As I stretched a hand toward the fax machine, the telephone rang again. This time, the caller delivered news that sent chills up my spine. I stared at the phone for a moment in dumbfounded disbelief, then threw back my head and howled, “No!”
The receiver dropped from my numb fingers and I slumped forward onto the desk as Bill came tearing into the study.
“Lori?” he said, rushing over to me. “What is it? Has something happened to the boys?
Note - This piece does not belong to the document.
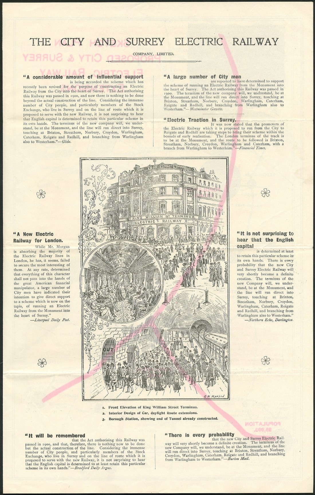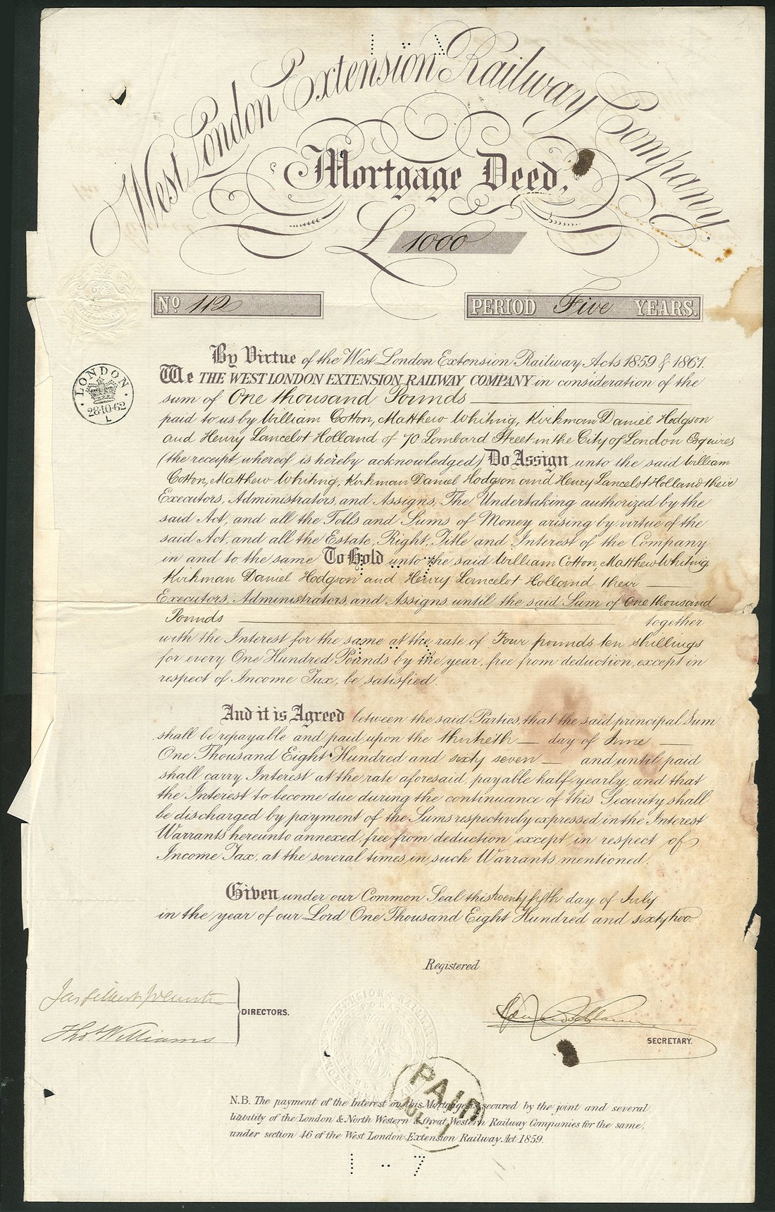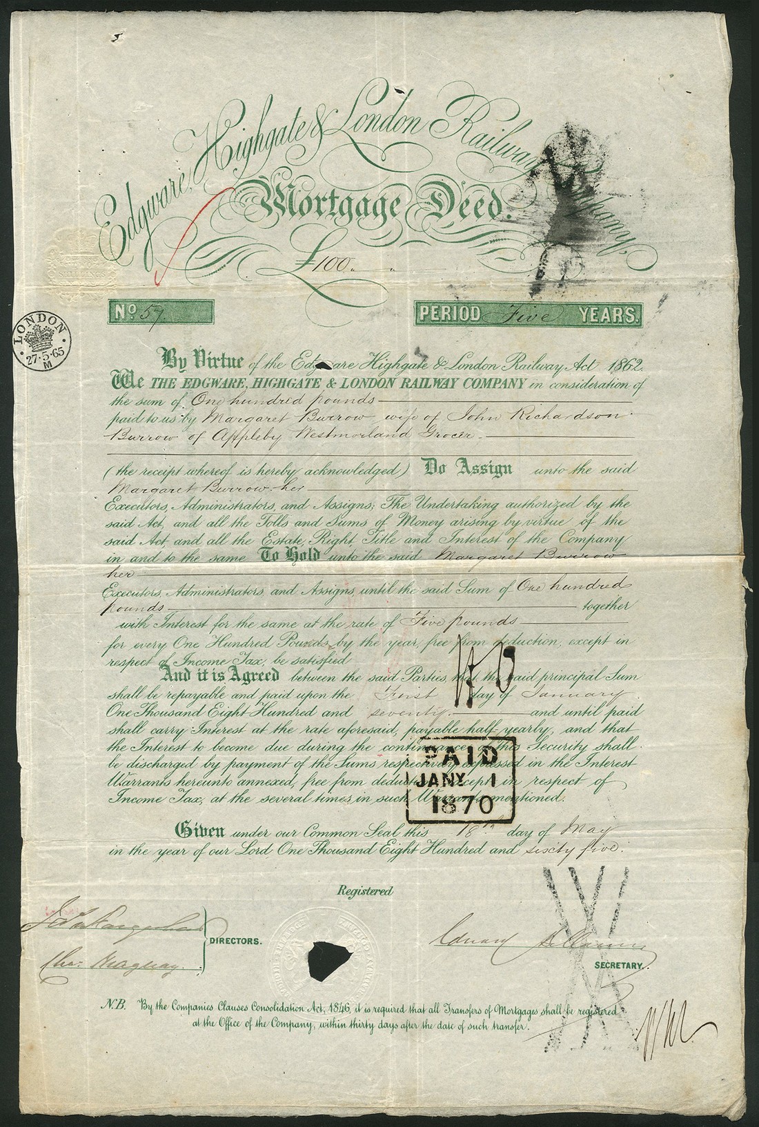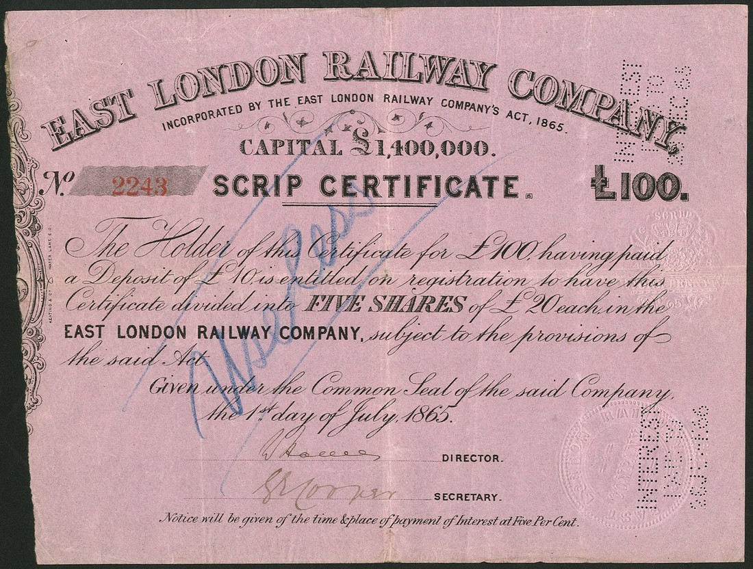 East London Railway Co., scrip certificate for 5 shares of £20 each, 1865, no.2243, black on pink paper, together with Edgware, Highgate & London Railway Co., mortgage deed for £100, 18[65], no.57, green; West London Extension Railway Co., mortgage deed for £1000, 18[62], no.112, mauve; and a prospectus for the City and Surrey Railway, four pages, the mortgage bonds with stains, fine to very fine. (4)

Is it Father?”
“It’s not William or the twins.” I groaned. “It’s the caterers.”
Bill heaved a sigh of relief, restored the telephone to its cradle, and put a comforting hand on my back.
“What’s wrong with the caterers?” he asked.
“Food poisoning,” I replied tragically. “The entire waitstaff is sick, the kitchens have to be professionally sanitized before they can be used again, and every bite of food has been thrown out.” I buried my face in my hands and moaned dolorously. “My canapés, my beautiful canapés, all of those finger sandwiches, the caviar, the lobster, the smoked salmon, the petits fours, the itty-bitty eclairs, even the crudités . . . gone, all g-gone.” My voice broke and I couldn’t continue.
“Well,” Bill said reasonably, “we wouldn’t want to poison our guests, would we?”
“No,” I whimpered.
“Can the caterers deliver the champagne?” he asked.